• [DIRECTIONS FOR THIS TASK]
Beginning with the line that contains "Sections Apparatus 4", retype the entries below exactly, ending with the line that contains "八马茶业红茶 马上红360武夷山金骏眉特级192g礼盒装茶叶送礼". Leave out any pictures.

• [RECORDS SHOWN]
—————

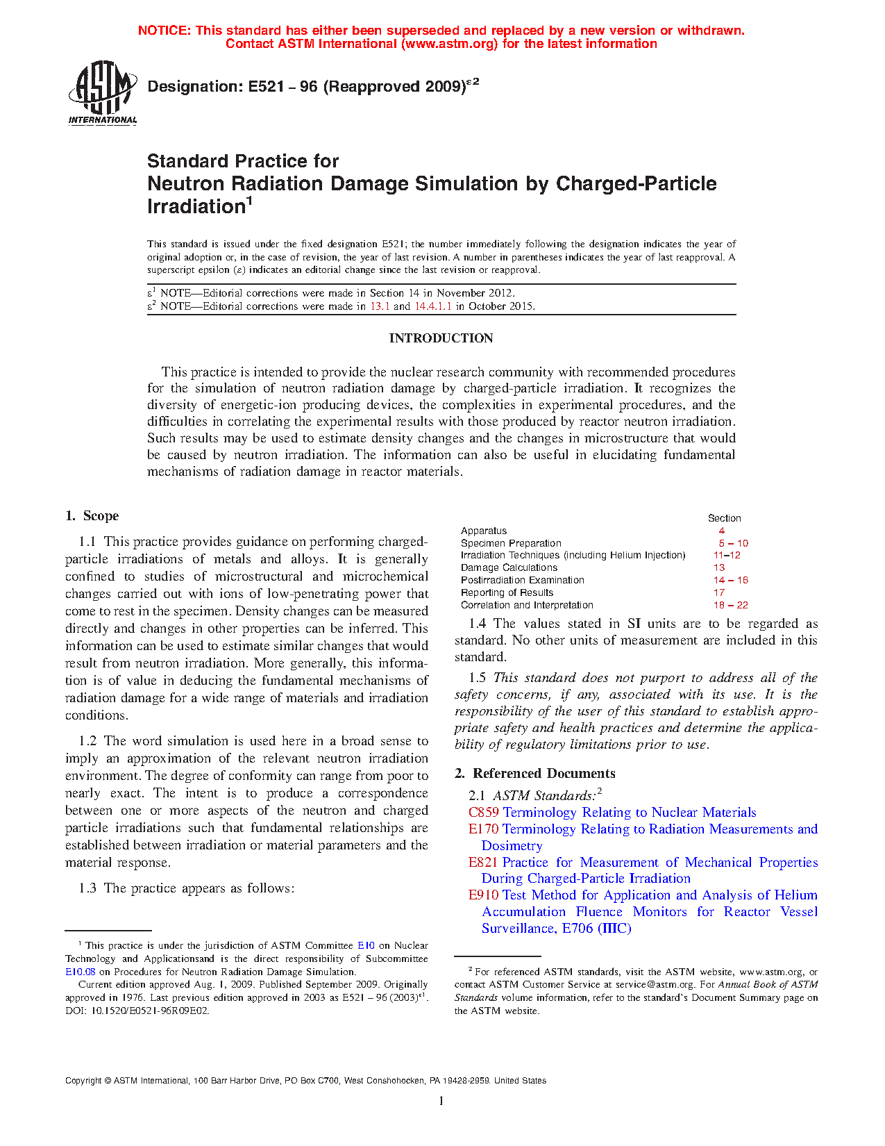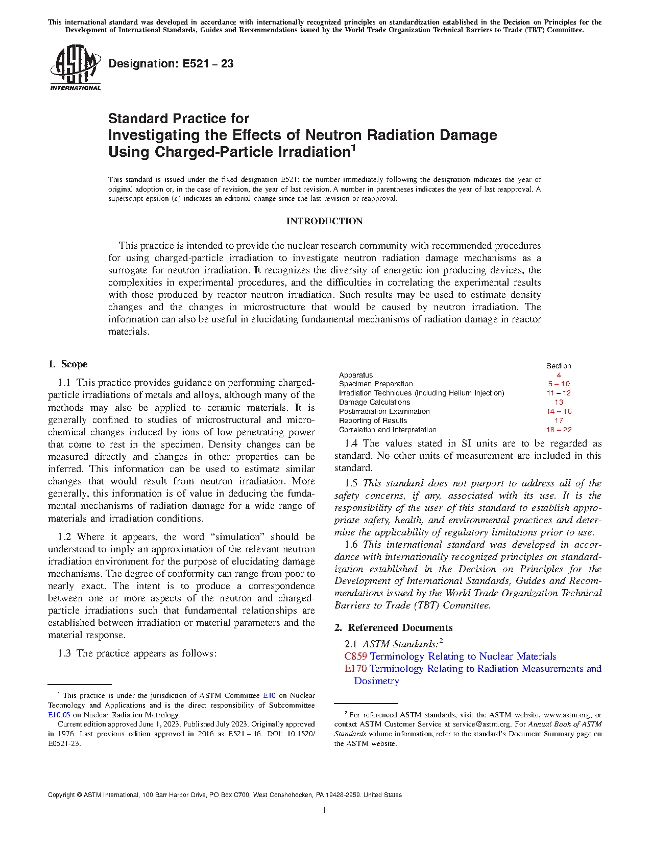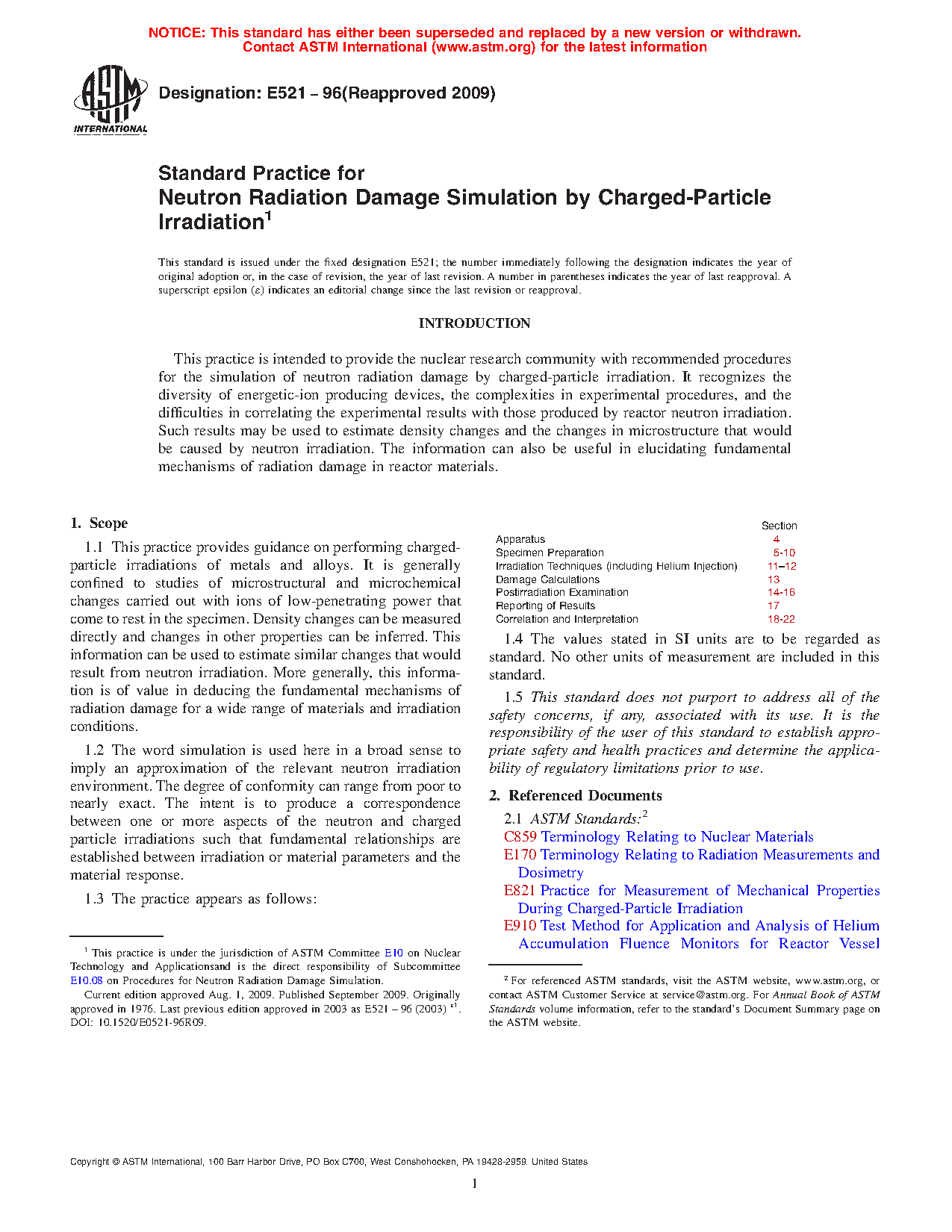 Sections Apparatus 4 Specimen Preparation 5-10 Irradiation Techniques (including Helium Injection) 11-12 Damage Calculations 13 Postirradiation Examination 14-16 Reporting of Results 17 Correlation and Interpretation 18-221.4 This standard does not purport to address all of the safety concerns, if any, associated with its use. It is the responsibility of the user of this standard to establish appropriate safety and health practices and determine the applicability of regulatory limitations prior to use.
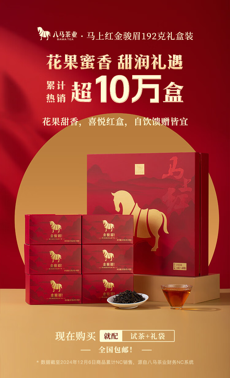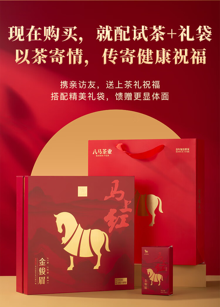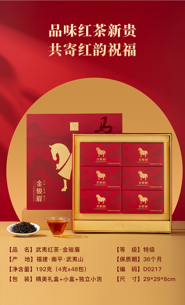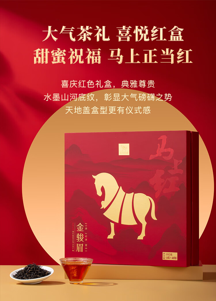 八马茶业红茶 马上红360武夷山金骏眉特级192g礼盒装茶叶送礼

—————

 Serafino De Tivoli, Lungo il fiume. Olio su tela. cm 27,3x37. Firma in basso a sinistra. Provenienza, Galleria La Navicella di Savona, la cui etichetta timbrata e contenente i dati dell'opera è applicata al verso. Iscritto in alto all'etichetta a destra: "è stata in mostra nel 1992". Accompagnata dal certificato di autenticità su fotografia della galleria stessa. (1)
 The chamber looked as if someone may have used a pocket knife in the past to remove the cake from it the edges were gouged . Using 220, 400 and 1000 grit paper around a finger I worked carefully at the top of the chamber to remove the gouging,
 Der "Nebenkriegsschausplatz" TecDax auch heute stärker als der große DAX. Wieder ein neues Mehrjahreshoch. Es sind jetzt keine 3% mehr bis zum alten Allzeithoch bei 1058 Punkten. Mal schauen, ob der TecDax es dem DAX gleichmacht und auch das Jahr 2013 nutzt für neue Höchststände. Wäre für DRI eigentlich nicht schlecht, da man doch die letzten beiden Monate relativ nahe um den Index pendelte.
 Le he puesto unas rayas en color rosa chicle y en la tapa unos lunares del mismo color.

—————

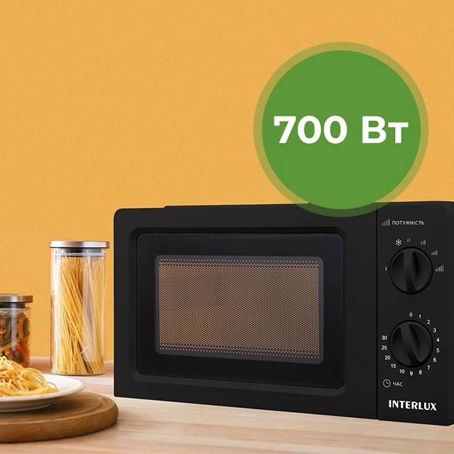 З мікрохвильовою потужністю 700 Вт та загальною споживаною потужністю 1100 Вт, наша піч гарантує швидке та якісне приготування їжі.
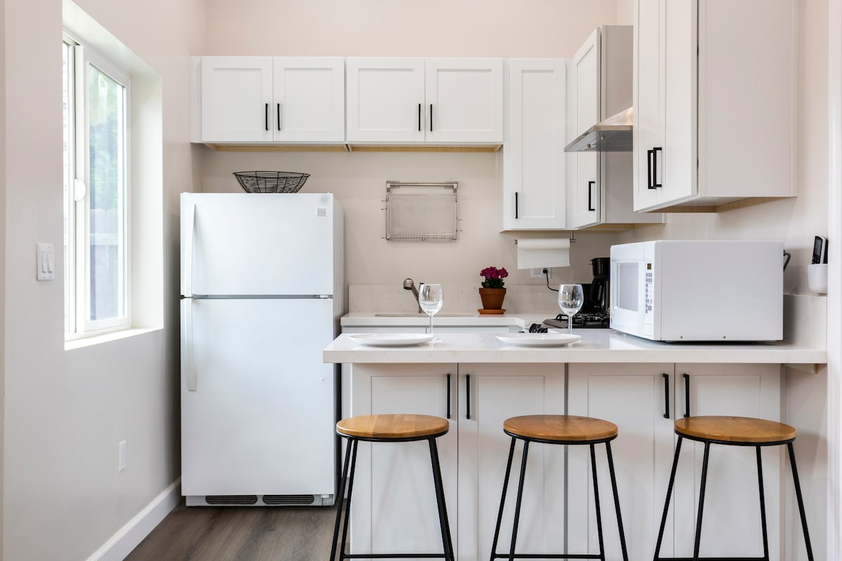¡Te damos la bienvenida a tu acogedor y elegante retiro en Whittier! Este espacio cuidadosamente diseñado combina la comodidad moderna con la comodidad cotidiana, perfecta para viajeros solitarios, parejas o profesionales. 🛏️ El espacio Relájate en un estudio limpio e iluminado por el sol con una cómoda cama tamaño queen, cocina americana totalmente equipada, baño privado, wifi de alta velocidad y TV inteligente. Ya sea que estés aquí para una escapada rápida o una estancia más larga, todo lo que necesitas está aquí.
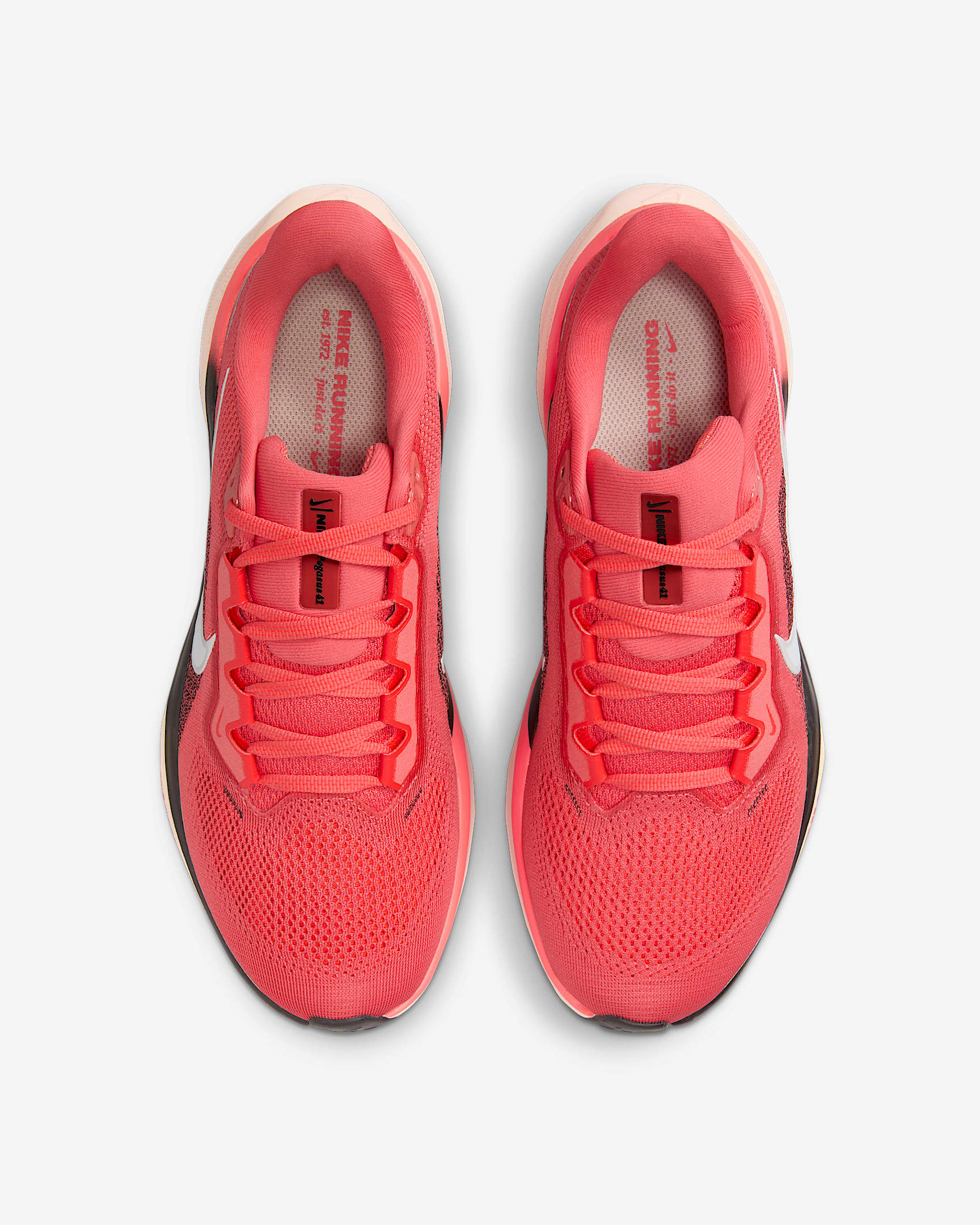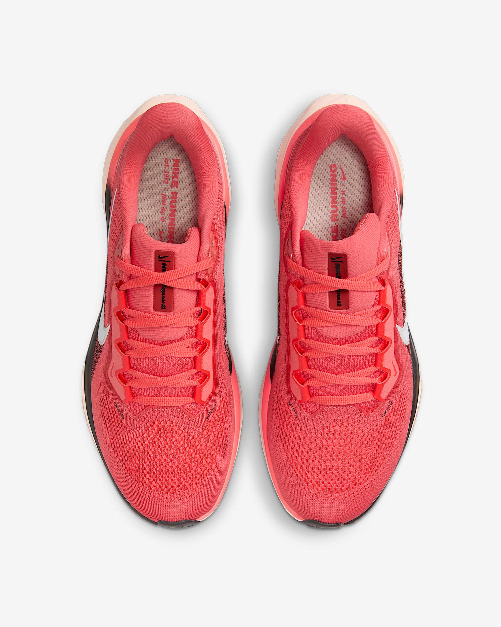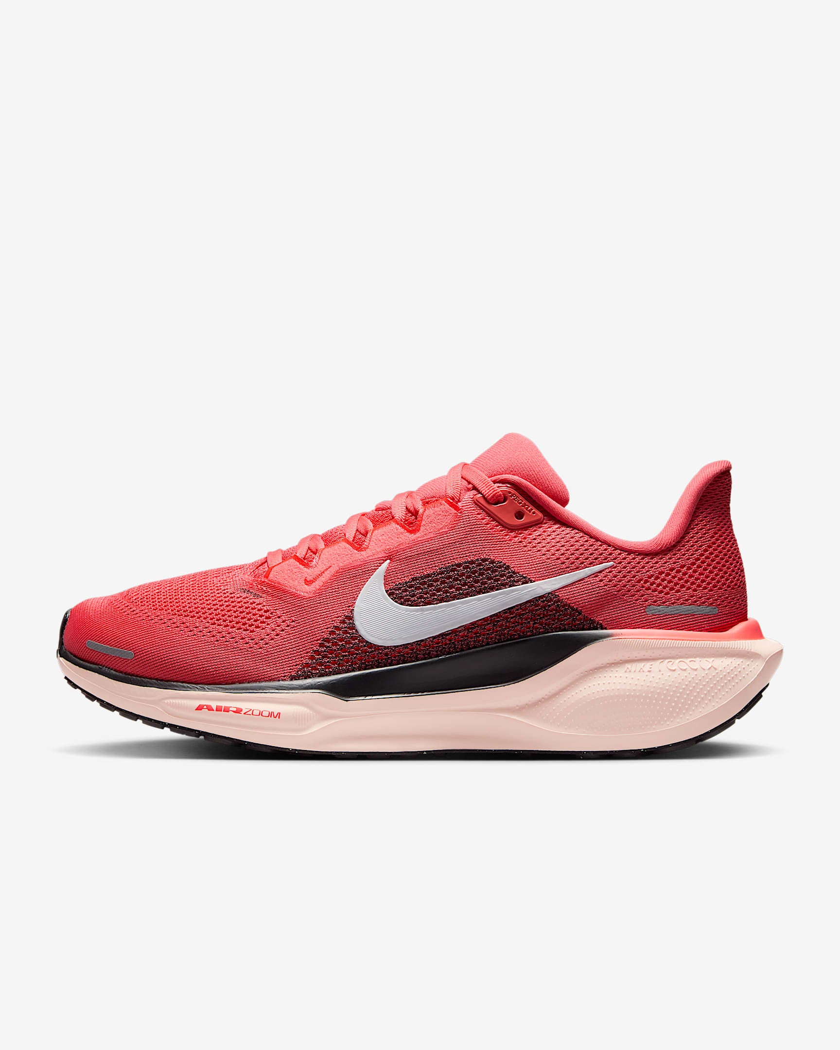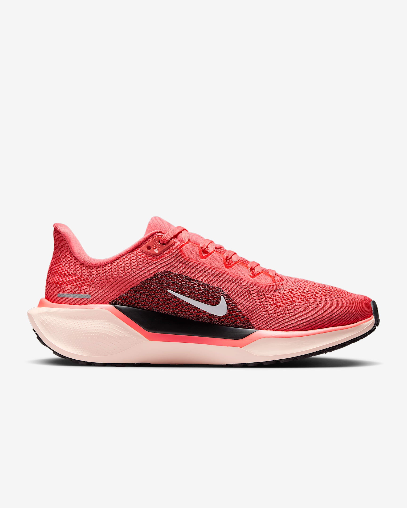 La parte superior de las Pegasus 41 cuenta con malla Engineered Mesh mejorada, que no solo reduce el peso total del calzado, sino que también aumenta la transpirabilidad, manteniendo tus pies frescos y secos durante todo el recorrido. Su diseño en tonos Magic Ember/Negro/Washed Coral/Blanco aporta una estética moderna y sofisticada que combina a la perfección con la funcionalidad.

—————

• [EXERCISE ANSWER]
 Sections Apparatus 4 Specimen Preparation 5-10 Irradiation Techniques (including Helium Injection) 11-12 Damage Calculations 13 Postirradiation Examination 14-16 Reporting of Results 17 Correlation and Interpretation 18-221.4 This standard does not purport to address all of the safety concerns, if any, associated with its use. It is the responsibility of the user of this standard to establish appropriate safety and health practices and determine the applicability of regulatory limitations prior to use.
 八马茶业红茶 马上红360武夷山金骏眉特级192g礼盒装茶叶送礼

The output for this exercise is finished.